In my industry, it is very common for brought in equipment to have nice green stickers - but experience shows they were actually bought on a reel, and just peppered over dodgy kit to show how safe they are. This leads me to never ever trust a sticker. I am super zealous in my visual inspections of other people's kit in my venue (but covertly done) looking for tell tale clues. IEC mains leads with non-moulded plugs being a bit of a personal quest. Sure, they could just be old, but with moulded ones so common - is there a reason for a rewireable 13A? For many years - since the 60s really, a common trick to 'cure' a humming guitar amp, was simply to lift the earth wire in the plug. I even did it myself before ignorance was replaced with education - and the possible consequences. So now I watch for these. A plug, with a piece of coloured tape around the cable next to the cable clamp. A clue to suggest this is code for 'there's no earth on this one!". Sometimes, the tape actually hides the disconnected conductor. For me, my testing is genuinely useful, and even maybe lifesaving?
I do feel sorry for the decent testing companies, because they are in competition with dangerous people, with little knowledge. It's an uphill struggle to convince people, I guess.

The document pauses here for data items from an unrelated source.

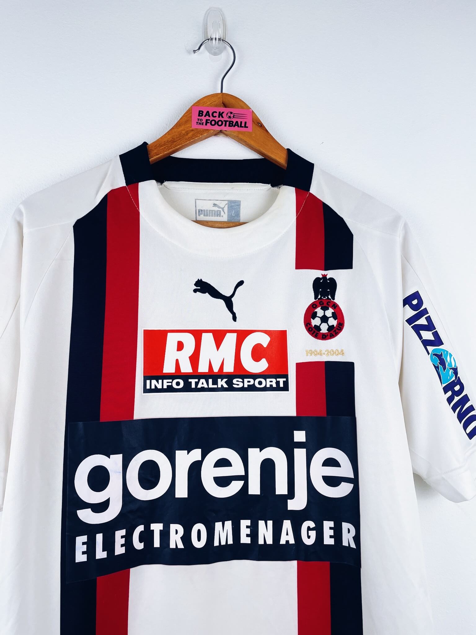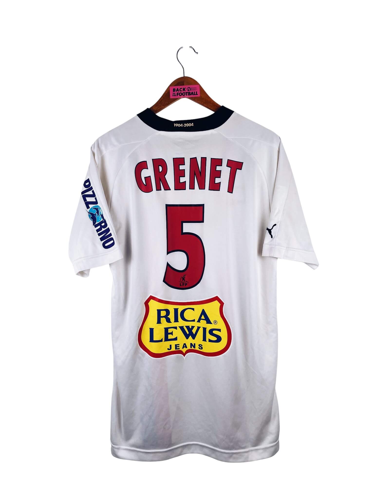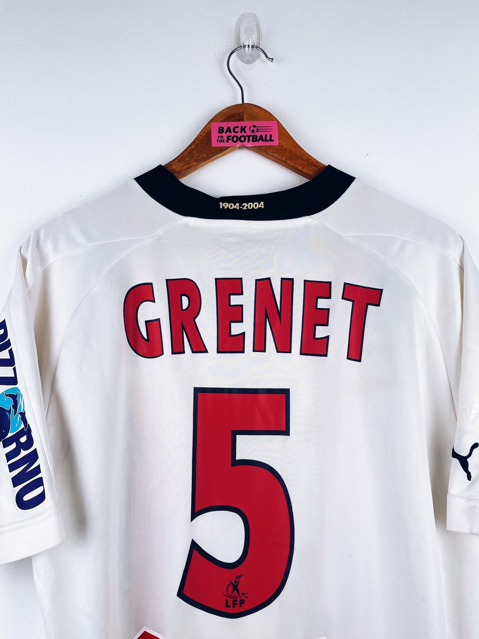 Le maillot : maillot vintage extérieur OGC Nice 2004/2005 porté (match worn) par Grenet #5 : sponsors additionnels, patch LFP et flocage officiels. L’écusson et le logo Puma sont brodés, les sponsors et Grenet #5 sont floqués, le patch LFP est thermocollé. Maillot récupéré via la collection du joueur. Très beau maillot rétro de Nice !
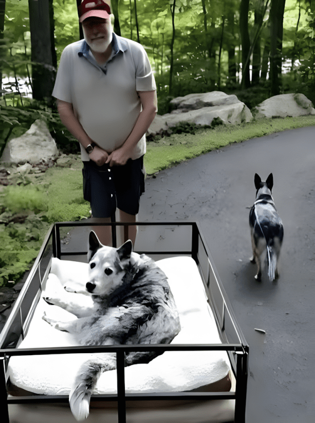 In het karretje lag een oude hond, die nauwelijks bewoog. Een jongere hond liep naast hen.
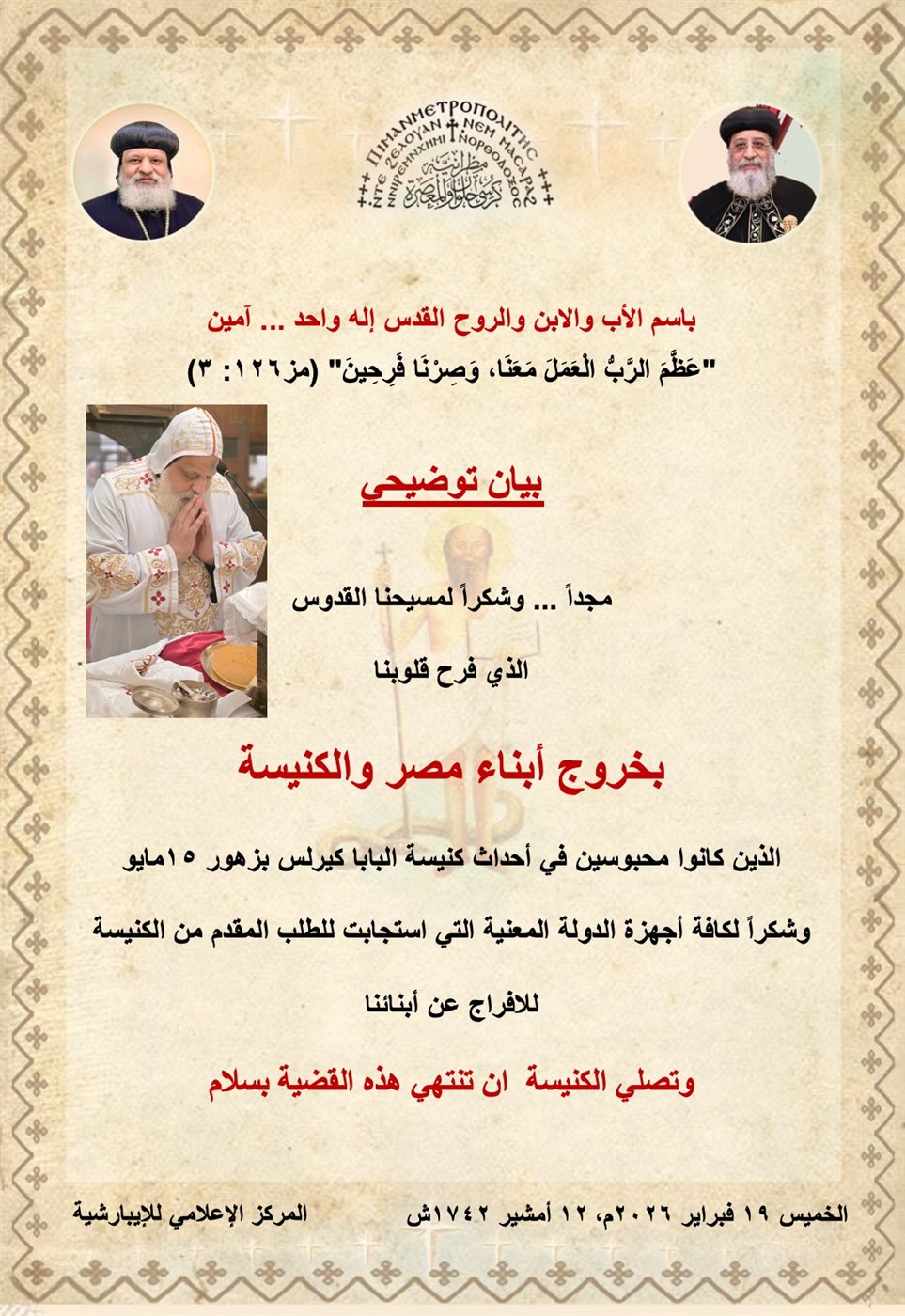 بيان رسمي من المطرانية
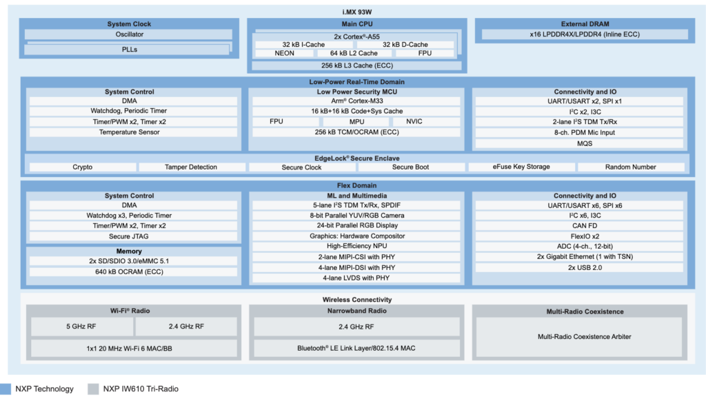 NXP Semiconductors has introduced the i.MX 93W, an applications processor. Purpose-built to accelerate physical AI deployment, the device integrates a dual-core Arm Cortex-A55 with a dedicated Arm Ethos NPU (up to 1.8 eTOPs) and an IW610 tri-radio module supporting Wi-Fi 6, Bluetooth LE, and 802.15.4 (Matter/Thread) in a single package, replacing up to 60 discrete components.
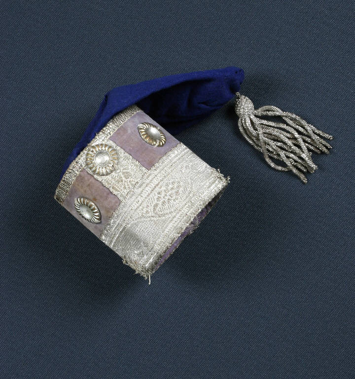 Il cappello, tipo colbacco simile a quelli indossati dagli Ussari, è di cartone rivestito con velluto viola, con cappuccio fissato internamente. All'estremità del cappuccio è fissato un fiocco di passamaneria argento; il colbacco è bordato con passamaneria argento e decorato con borchie metalliche.
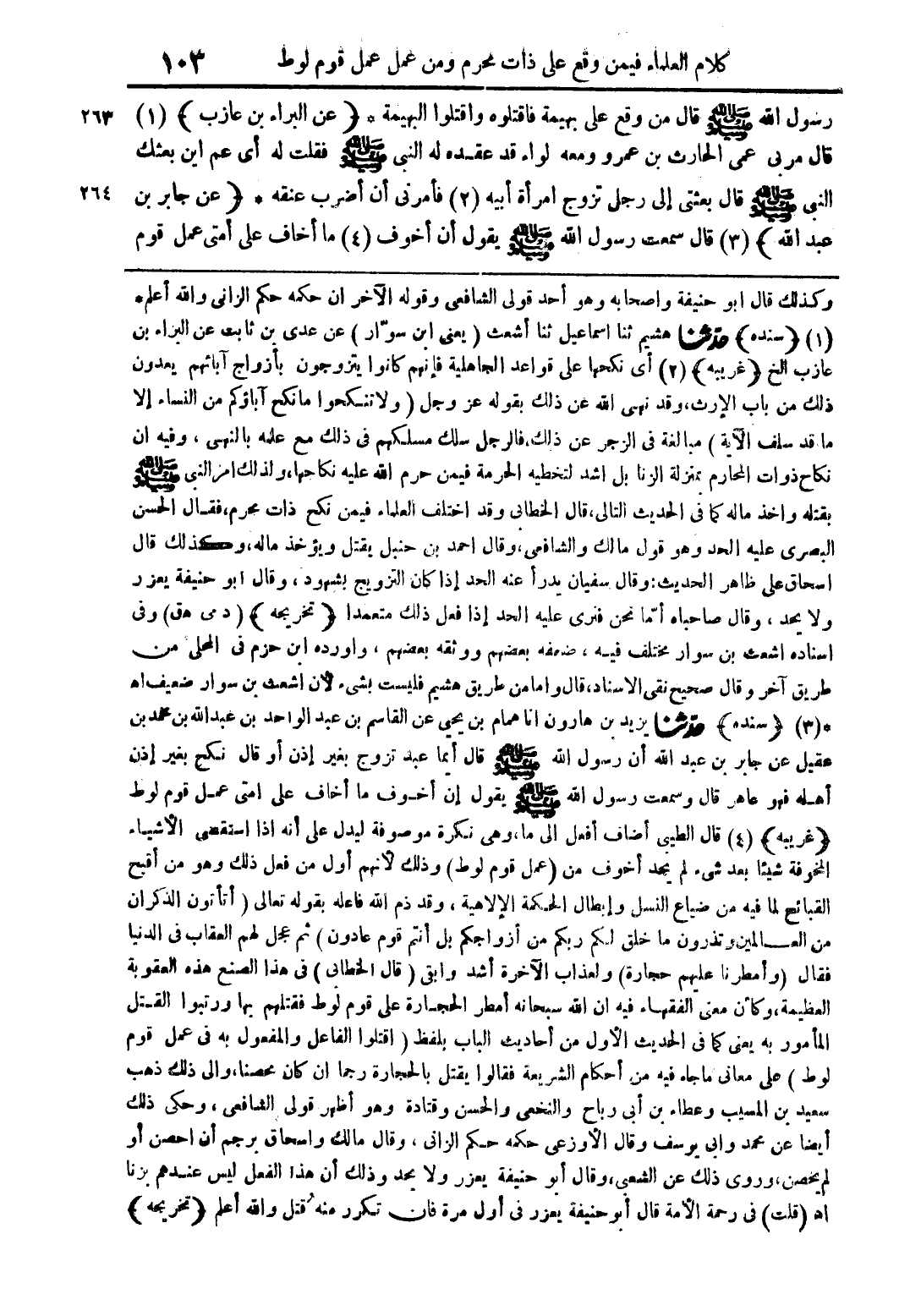 وكذلك قال ابو حنيفة واصحابه وهو أحد قولى الشافعى وقوله الآخر ان حكمه حكم الزانى والله أعلم * (1) (سنده) حدّثنا هشيم ثنا اسماعيل ثنا أشعث (يعنى ابن سوّار) عن عدى بن ثابت عن البراء بن عازب الخ (غريبه) (2) أى نكحها على قواعد الجاهلية فإنهم كانوا يتزوجون بأزواج آبائهم يعدون ذلك من باب الإرث، وقد نهى الله عن ذلك بقوله عز وجل {ولا تنكحوا ما نكح آباؤكم من النساء إلا ما قد سلف الآية} مبالغة فى الزجر عن ذلك، فالرجل سلك مسلكهم فى ذلك مع علمه بالنهى، وفيه ان نكاح ذوات المحارم بمنزلة الزنا بل اشد لتخطيه الحرمة فيمن حرم الله نكاحها، ولذلك امر النبى صلى الله عليه وسلم بقتله واخذ ماله كما فى الحديث التالى، قال الخطابى وقد اختلف العلماء فيمن نكح ذات محرم، فقال الحسن البصرى عليه الحد وهو قول مالك والشافعى، وقال احمد بن حنبل يقتل ويؤخذ ماله، وكذلك قال اسحاق على ظاهر الحديث: وقال سفيان يدرأ عنه الحد إذا كان التزويج بشهود، وقال ابو حنيفة يعزر ولا يحد، وقال صاحباه أمّا نحن فنرى عليه الحد إذا فعل ذلك متعمدا (تخريجه) (د مى هق) وفى اسناده اشعث بن سوار مختلف فيه، ضعفه بعضهم ووثقه بعضهم، واورده ابن حزم فى المحلى من طريق آخر وقال صحيح نقى الاسناد، قال واما من طريق هشيم فليست بشئ لأن اشعث بن سوار ضعيف اهـ * (3) (سنده) حدّثنا يزيد بن هارون انا همام بن يحيى عن القاسم بن عبد الواحد بن عبد الله بن محمد بن عقيل عن جابر بن عبد الله أن رسول الله صلى الله عليه وسلم قال أيما عبد تزوج بغير إذن أو قال نكح بغير إذن أهله فهو عاهر قال وسمعت رسول الله صلى الله عليه وسلم يقول إن أخوف ما أخاف على امتى عمل قوم لوط (غريبه) (4) قال الطيبى أضاف أفعل الى ما، وهى نكرة موصوفة ليدل على أنه اذا استقصى الأشياء المخوفة شيئا بعد شئ لم يحد أخوف من (عمل قوم لوط) وذلك لأنهم أول من فعل ذلك وهو من أقبح القبائح لما فيه من ضياع النسل وإبطال الحكمة الإلاهية، وقد ذم الله فاعله بقوله تعالى {أتأتون الذكران من العالمين وتذرون ما خلق لكم ربكم من أزواجكم بل أنتم قوم عادون} ثم عجل لهم العقاب فى الدنيا فقال (وأمطرنا عليهم حجارة) ولعذاب الآخرة أشد وابقى (قال الخطابى) فى هذا الصنع هذه العقوبة العظيمة، وكأن معنى الفقهاء فيه ان الله سبحانه أمطر الحجارة على قوم لوط فقتلهم بها ورتبوا القتل المأمور به يعنى كما فى الحديث الأول من أحاديث الباب بلفظ (اقتلوا الفاعل والمفعول به فى عمل قوم لوط) على معانى ما جاء فيه من أحكام الشريعة فقالوا يقتل بالحجارة رجما ان كان محصنا، والى ذلك ذهب سعيد بن المسيب وعطاء بن أبى رباح والنخعى والحسن وقتادة وهو أظهر قولى الشافعى، وحكى ذلك أيضا عن محمد وابى يوسف وقال الأوزعى حكمه حكم الزانى، وقال مالك واسحاق برجم أن احصن أو لم يحصن، وروى ذلك عن الشعبى، وقال أبو حنيفة يعزر ولا يحد وذلك أن هذا الفعل ليس عندهم بزنا اهـ (قلت) فى رحمة الأمة قال أبو حنيفة يعزر فى أول مرة فان تكرر منه قتل والله أعلم (تخريجه)

You also get, of course, differences of opinion on all things safety. Only a year or so ago, somebody (a big well known company in our industry) imported a load of 15A two way adaptors (Grelcos) from China - we use these things by the bucket load! Trouble was that the factory had made them slightly smaller than the old ones they had copied - and it was possible to stick the plug in, with one pin dangling outside. Especially when doing it by touch, not sight - at the top of a ladder, in the dark, over your head. Discovering a dead light, you go up the ladder, and unplug it - touching a live pin with your hand - Not good! They had to recall thousands.